How to avoid overfitting on a simple feed forward network

Using the pima indians diabetes dataset I'm trying to build an accurate model using Keras. I've written the following code:
# Visualize training history
from keras import callbacks
from keras.layers import Dropout
tb = callbacks.TensorBoard(log_dir='/.logs', histogram_freq=10, batch_size=32,
write_graph=True, write_grads=True, write_images=False,
embeddings_freq=0, embeddings_layer_names=None, embeddings_metadata=None)
# Visualize training history
from keras.models import Sequential
from keras.layers import Dense
import matplotlib.pyplot as plt
import numpy
# fix random seed for reproducibility
seed = 7
numpy.random.seed(seed)
# load pima indians dataset
dataset = numpy.loadtxt("pima-indians-diabetes.csv", delimiter=",")
# split into input (X) and output (Y) variables
X = dataset[:, 0:8]
Y = dataset[:, 8]
# create model
model = Sequential()
model.add(Dense(12, input_dim=8, kernel_initializer='uniform', activation='relu', name='first_input'))
model.add(Dense(500, activation='tanh', name='first_hidden'))
model.add(Dropout(0.5, name='dropout_1'))
model.add(Dense(8, activation='relu', name='second_hidden'))
model.add(Dense(1, activation='sigmoid', name='output_layer'))
# Compile model
model.compile(loss='binary_crossentropy',
optimizer='rmsprop',
metrics=['accuracy'])
# Fit the model
history = model.fit(X, Y, validation_split=0.33, epochs=1000, batch_size=10, verbose=0, callbacks=[tb])
# list all data in history
print(history.history.keys())
# summarize history for accuracy
plt.plot(history.history['acc'])
plt.plot(history.history['val_acc'])
plt.title('model accuracy')
plt.ylabel('accuracy')
plt.xlabel('epoch')
plt.legend(['train', 'test'], loc='upper left')
plt.show()
# summarize history for loss
plt.plot(history.history['loss'])
plt.plot(history.history['val_loss'])
plt.title('model loss')
plt.ylabel('loss')
plt.xlabel('epoch')
plt.legend(['train', 'test'], loc='upper left')
plt.show()
After several tries, I've added dropout layers in order to avoid overfitting, but with no luck.

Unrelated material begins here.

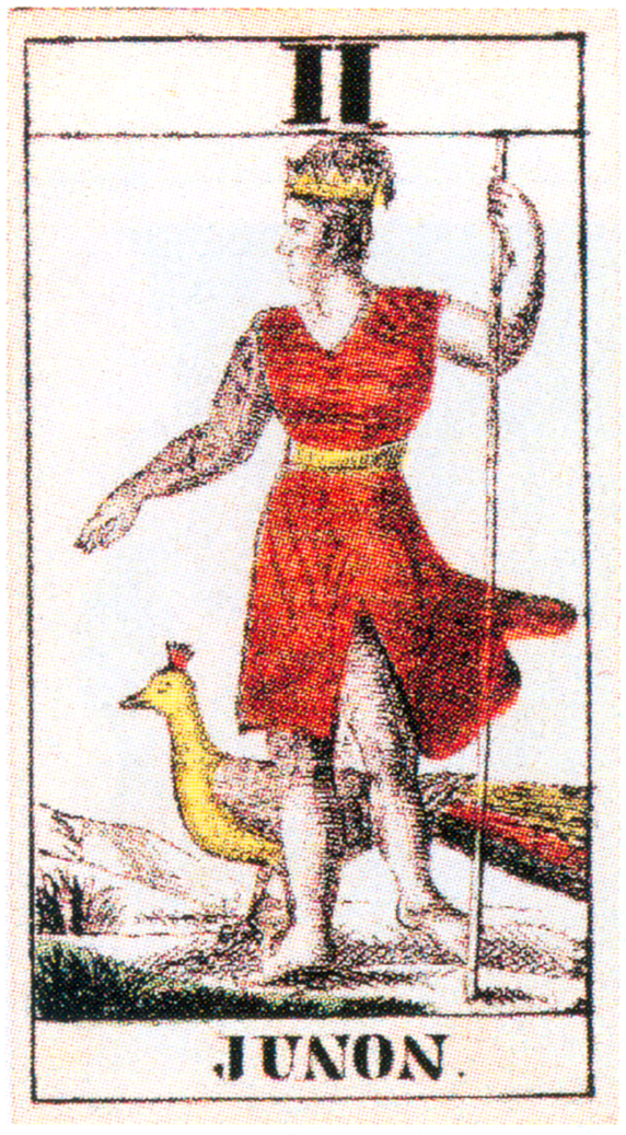 Tarot card II Junon of Swiss Tarot 1JJ

The following graph shows that the validation loss and training loss gets separate at one point.
What else could I do to optimize this network?
UPDATE:
based on the comments I got I've tweaked the code like so:
model = Sequential()
model.add(Dense(12, input_dim=8, kernel_initializer='uniform', kernel_regularizer=regularizers.l2(0.01),
activity_regularizer=regularizers.l1(0.01), activation='relu',
name='first_input')) # added regularizers
model.add(Dense(8, activation='relu', name='first_hidden')) # reduced to 8 neurons
model.add(Dropout(0.5, name='dropout_1'))
model.add(Dense(5, activation='relu', name='second_hidden'))

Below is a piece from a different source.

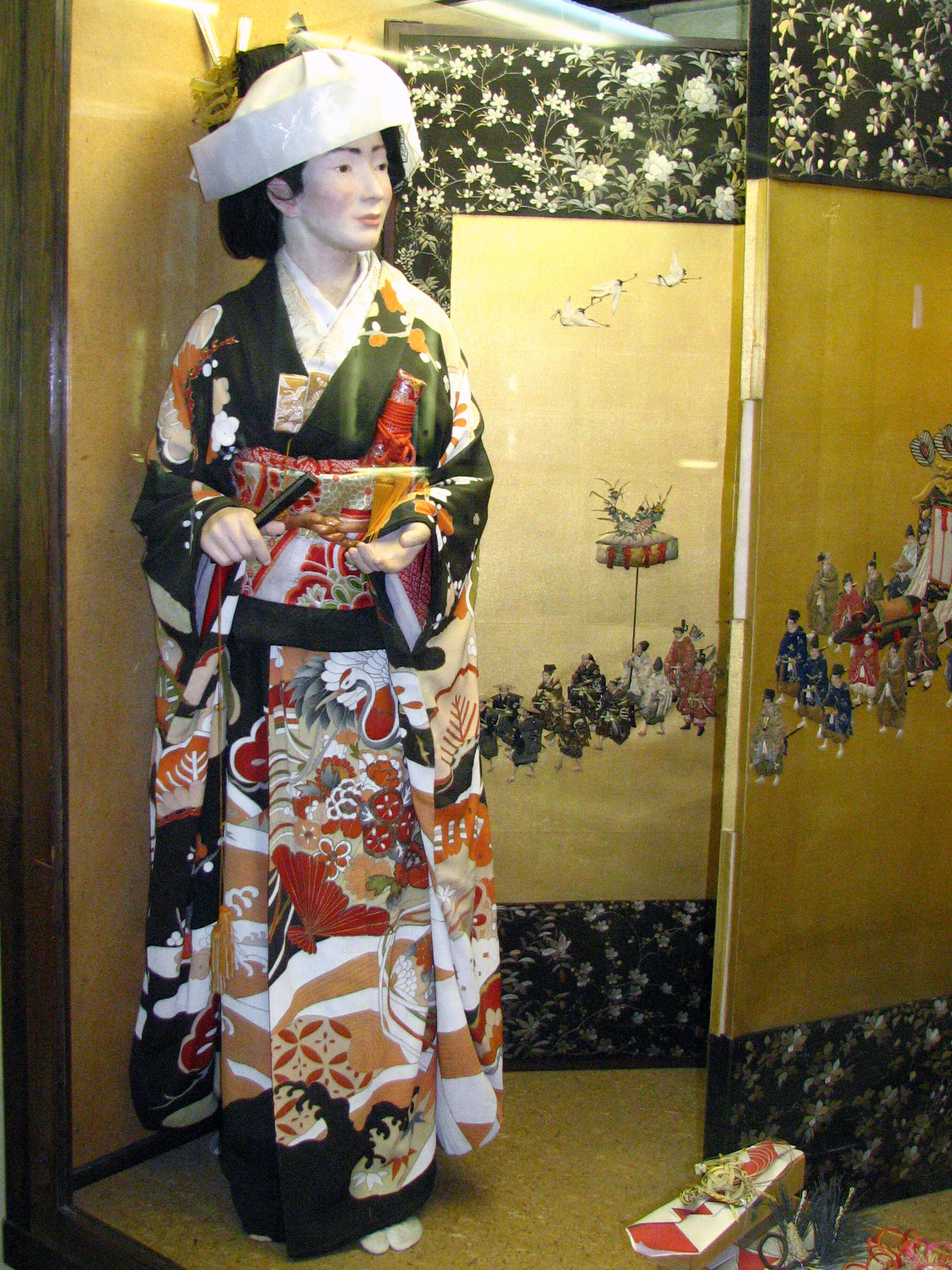 Saint Petersburg. Kunstkamera. Hall of Japan. Female kimono.

model.add(Dense(1, activation='sigmoid', name='output_layer'))
Here are the graphs for 500 epochs
The first example gave a validation accuracy > 75% and the second one gave an accuracy of < 65% and if you compare the losses for epochs below 100, its less than < 0.5 for the first one and the second one was > 0.6. But how is the second case better?.
The second one to me is a case of under-fitting: the model doesnt have enough capacity to learn. While the first case has a problem of over-fitting because its training was not stopped when overfitting started (early stopping). If the training was stopped at say 100 epoch, it would be a far better model compared between the two.

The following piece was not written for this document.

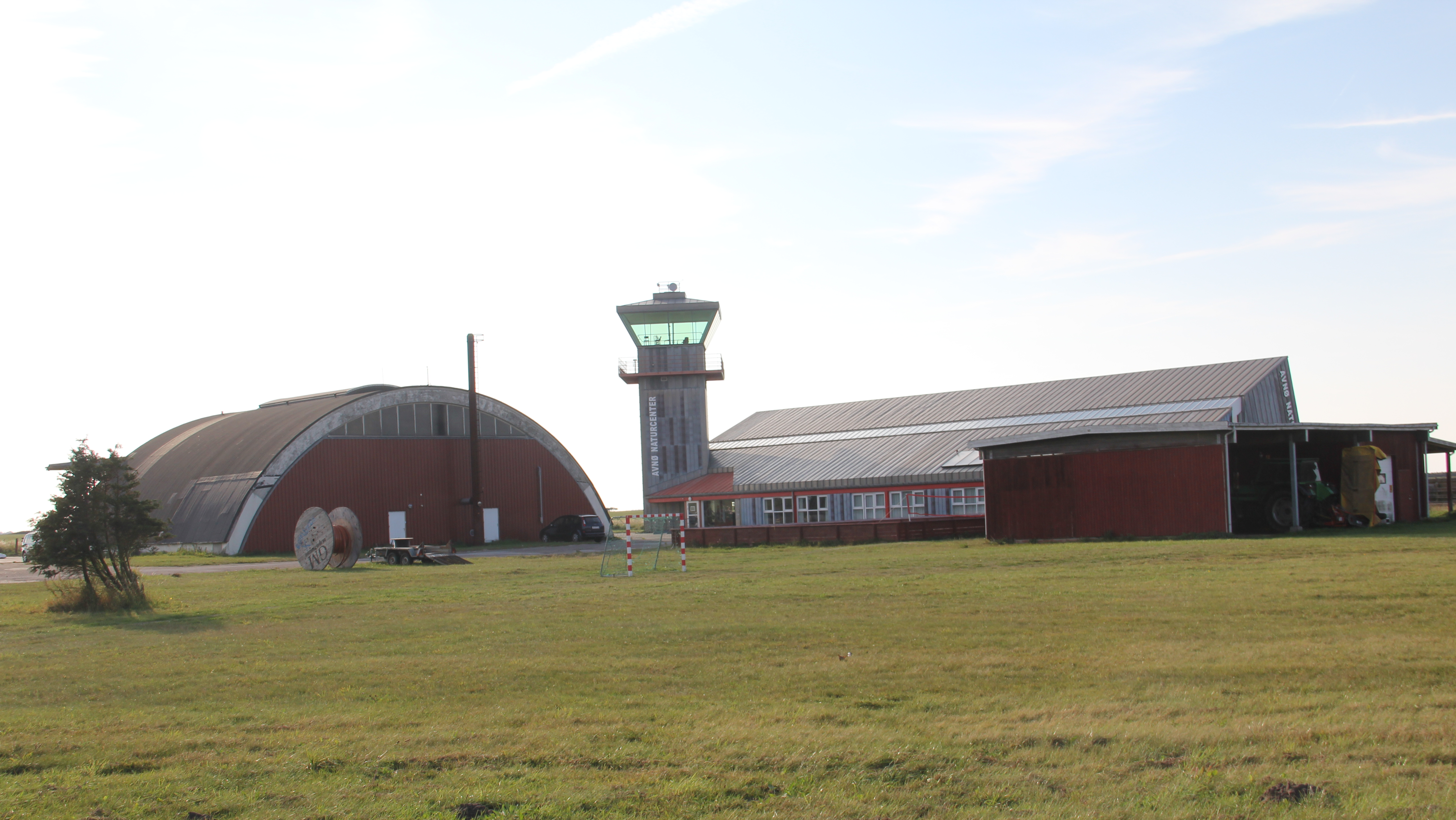 Avnø Naturcenter

The goal should be to obtain small prediction error in unseen data and for that you increase the capacity of the network till a point beyond which overfitting starts to happen.
So how to avoid over-fitting in this particular case? Adopt early stopping.
CODE CHANGES: To include early stopping and input scaling.
# input scaling
scaler = StandardScaler()
X = scaler.fit_transform(X)
# Early stopping
early_stop = EarlyStopping(monitor='val_loss', min_delta=0, patience=3, verbose=1, mode='auto')
# create model - almost the same code
model = Sequential()
model.add(Dense(12, input_dim=8, activation='relu', name='first_input'))
model.add(Dense(500, activation='relu', name='first_hidden'))
model.add(Dropout(0.5, name='dropout_1'))
model.add(Dense(8, activation='relu', name='second_hidden'))
model.add(Dense(1, activation='sigmoid', name='output_layer')))
history = model.fit(X, Y, validation_split=0.33, epochs=1000, batch_size=10, verbose=0, callbacks=[tb, early_stop])
The Accuracy and loss graphs:
First, try adding some regularization (https://keras.io/regularizers/) like with this code:
model.add(Dense(12, input_dim=12,
kernel_regularizer=regularizers.l2(0.01),
activity_regularizer=regularizers.l1(0.01)))
Also, make sure to decrease your network size i.e. you don't need a hidden layer of 500 neurons - try just taking that out to decrease the representation power and maybe even another layer if it's still overfitting. Also, only use relu activation. Maybe also try increasing your dropout rate to something like 0.75 (although it's already high). You probably also don't need to run it for so many epochs - it will just begin to overfit after long enough.
For a dataset like the Diabetes one you can use a much simpler network. Try to reduce the neurons in your second layer. (Is there a specific reason why you chose tanh as the activation there?).
In addition you simply can add an EarlyStopping callback to your training: https://keras.io/callbacks/

Why is binary_crossentropy more accurate than categorical_crossentropy for multiclass classification in Keras?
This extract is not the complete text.